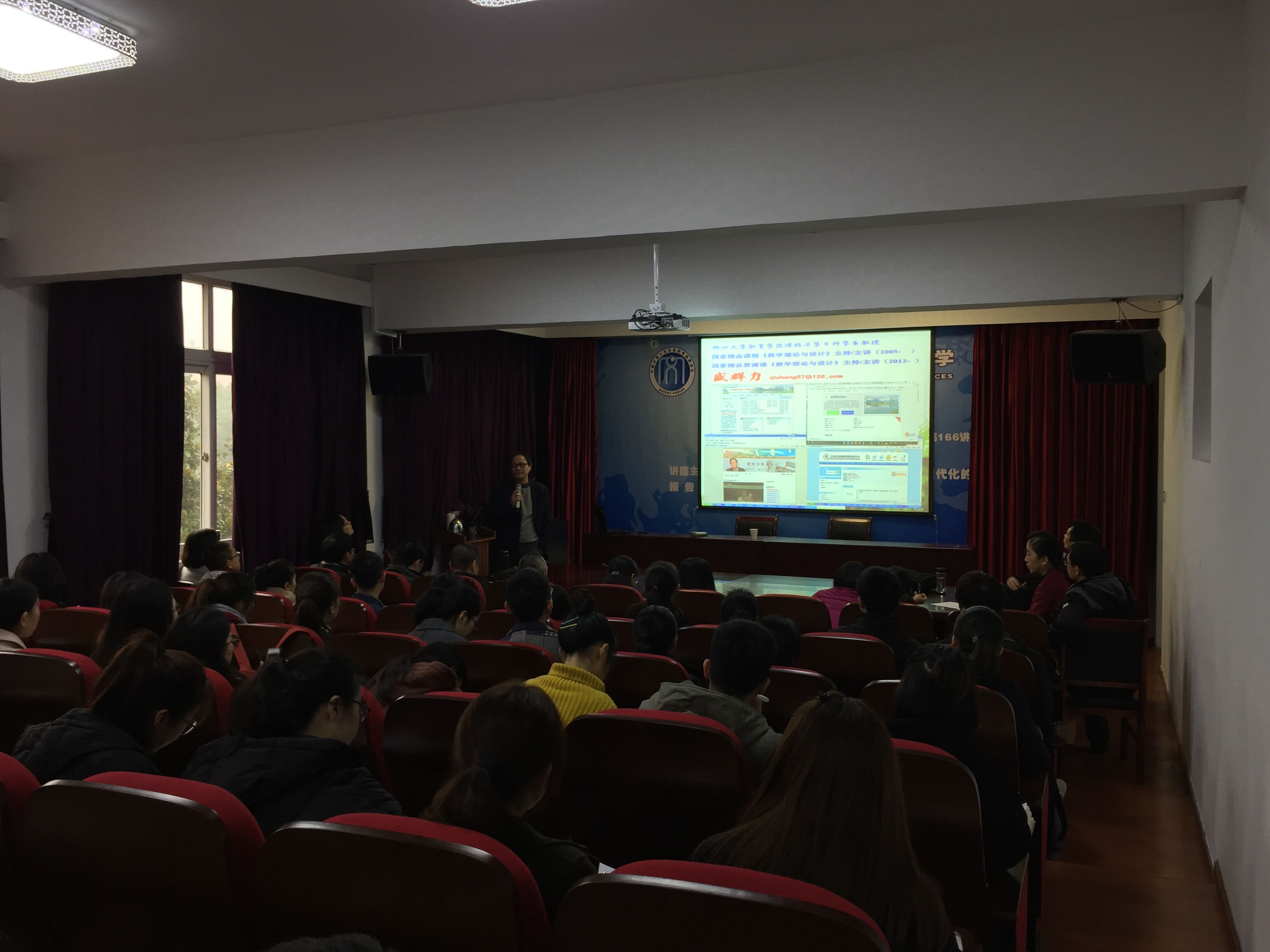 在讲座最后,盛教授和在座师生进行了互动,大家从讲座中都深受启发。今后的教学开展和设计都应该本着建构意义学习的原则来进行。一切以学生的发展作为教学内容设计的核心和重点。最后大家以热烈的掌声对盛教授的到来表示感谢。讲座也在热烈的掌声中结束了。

········

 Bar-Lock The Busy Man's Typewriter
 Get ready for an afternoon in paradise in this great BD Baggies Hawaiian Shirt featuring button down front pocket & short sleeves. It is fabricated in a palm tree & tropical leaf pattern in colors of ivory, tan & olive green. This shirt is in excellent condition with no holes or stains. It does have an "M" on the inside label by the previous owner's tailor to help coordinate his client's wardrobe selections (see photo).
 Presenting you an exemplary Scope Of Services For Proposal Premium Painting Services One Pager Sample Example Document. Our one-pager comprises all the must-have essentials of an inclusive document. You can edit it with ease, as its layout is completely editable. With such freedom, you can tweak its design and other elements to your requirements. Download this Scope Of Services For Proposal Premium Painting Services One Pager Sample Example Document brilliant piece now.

········

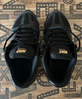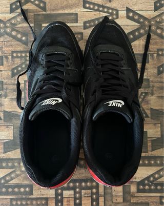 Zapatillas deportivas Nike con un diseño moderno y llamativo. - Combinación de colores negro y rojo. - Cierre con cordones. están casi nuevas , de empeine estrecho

········

◆ **About this task**: From the records above, tally every line that includes the word "have" and reply with the total by itself.

◆ **Exercise result**: 2